Agricultural Fair Weekend

We found ourselves at the local agricultural fair yesterday; we've gone all three years that we've been here so far.  In fact, I can remember the first time we went, only a few days, maybe a week, after the move - we were still in that first 'everything is new, everything is nerve-wracking and everyone is deeply uncomfortable' stage of moving.  No one could sleep properly because the night noises were different, no one could find anything because the boxes weren't unpacked, and each person who came to the door was a stranger.  I really dislike that stage of moving.  I especially dislike how I can't navigate the world effectively because each task needs to be re-learned to a certain extent - where do I buy milk?  Someone is sick and we don't have a doctor, what next?  Do I have to bring a quarter to the grocery store to get a cart out?
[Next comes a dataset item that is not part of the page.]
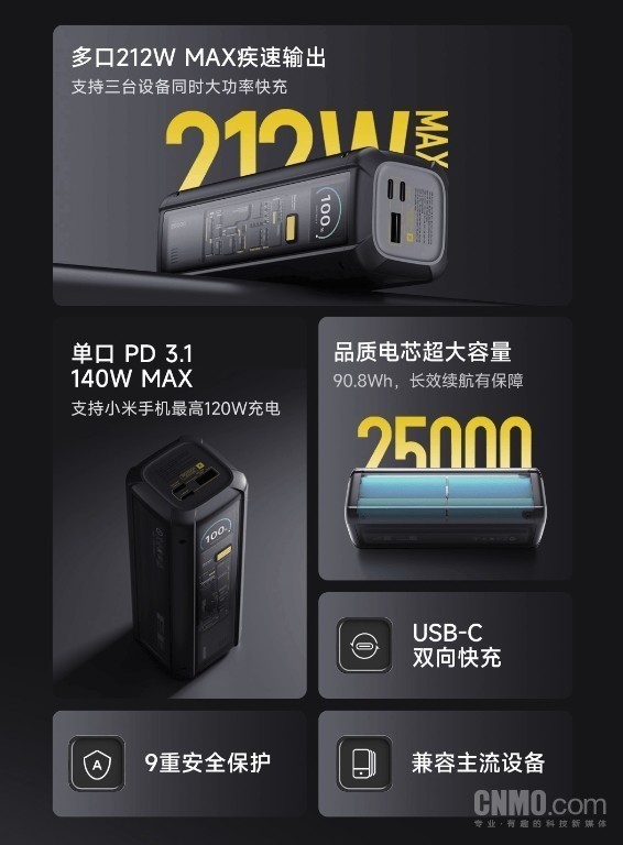 小米充电宝25000 212W配备了两个USB-C接口和一个USB-A接口,支持PD 3.1充电标准,单个接口的最大输出功率可达140W,适用于小米手机的120W快速充电。此外,这款充电宝能够同时为三台设备提供充电,最大充电功率分别为65W、27W和120W。在双口同时充电的情况下,总功率可以达到65W+120W。

Anyway, that first time, three years ago, the fair was another uncertainty; was it a country fair as in rides, cotton candy, games for children and ponies?  This is sort of what I think of when you say the word 'fair'.  It turned out to be not quite that, but an agricultural fair, which I wasn't as familiar with.  Lots of chickens and rabbits and such, big tables of handwork (quilts, flower arranging, jars of jam, etc.) and vendors selling things that they had made along the lines of knitted dishcloths and mittens.  This sort of fair is much more popular in the rural area I live in and it's what I anticipate now in 'going to the fair'.  We have been to several of them by this point and they have a common gentle entertainment flowing through them.  The children play on a play structure or swings, or perhaps ride a small train in circles; the food available tends to be hotdogs, coffee, cotton candy, and at our fair there is a milk booth that sells nothing but ice cold milk.  You can watch a tractor pull, or working horses, and you can have a glass of milk and go look at what everyone spent the last year crocheting and see whose child won the photography contest and which chicken looks the weirdest.

It is entertainment from a different era, really.  Every year I tell myself that we will enter some of the categories, not because I think my knitting can compete with anyone else's there, or that my jalapeno jelly is the best, but to support this sort of thing, this gentle kind of event that seems to be disappearing.